I understand the benefit of working with a kontakt instance on each track, but you can't deny there are benefits working the other way too.

Just wish one DAW could do both. Is there nothing working like this currently on the market?
 
Yeah, I've found that there isn't enough of a benefit (if any) to go multi-timbral. In any DAW I've used. It creates more headache than it's worth.
 
Also, loading kontakt every time you want to add one single sound.. Isn't that overkill?
I put all my articulations in a single instance of Kontakt. Sixteen instruments (sometimes more, if I decide to layer) for violins, for example, all on separate channels in one instance of Kontakt. Then I switch between them using Reaticulate. Works like a charm.

Screen Shot 2018-06-12 at 9.29.19 PM.png
 
I'm like ED, all my midi tracks go in the TCP and all my Kontakt VSTi tracks along with the outputs go in my MCP. For the most part, only editable tracks like the midi and recorded audio tracks go in the TCP.

I'm not a heavy user of "folder tracks", although I do use them when there is a clear advantage to do so.

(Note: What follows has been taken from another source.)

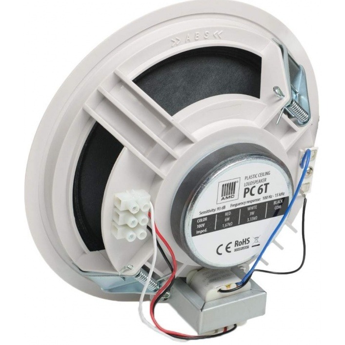 AMC PC 6T - это инсталляционный громкоговоритель со встроенным 6-дюймовым (152 мм) широкополосным драйвером, который разрабатывался для применения в системах голосового оповещения и фонового озвучивания. Вместе с данной моделью вы получаете аккуратное воспроизведение среднечастотного диапазона. В конструкции используется интегрированный трансформатор 100 В с переключателем режимов 6 Вт/ Вт. Специальные винтовые зажимы с надежной фиксацией позволяют легко и быстро подключать систему. Громкоговорители модельного ряда PC имеют сравнительно высокий уровень звукового давления (SPL) и широкую область покрытия, что идеально подходит для таких заведений, как рестораны, кафе, офисы, магазины и другие. Сверхтонкий дизайн систем делает их оптимальным решением для установки в подвесных потолках.

I see so many folks getting hung up because they either want, or even insist that they be able to combine the midi and audio tracks. Being from the old school, I've never had a reason or desire to do that.

I agree with robgb, I utilize each instance of Kontakt, although I don't necessarily fill them up. I may end up with 3, 4, even 6 instances, but thy will have at least a half dozen or more instruments in them.

I have to admit, I don't make mockups and really never have, I simply load the instruments I need for any given project.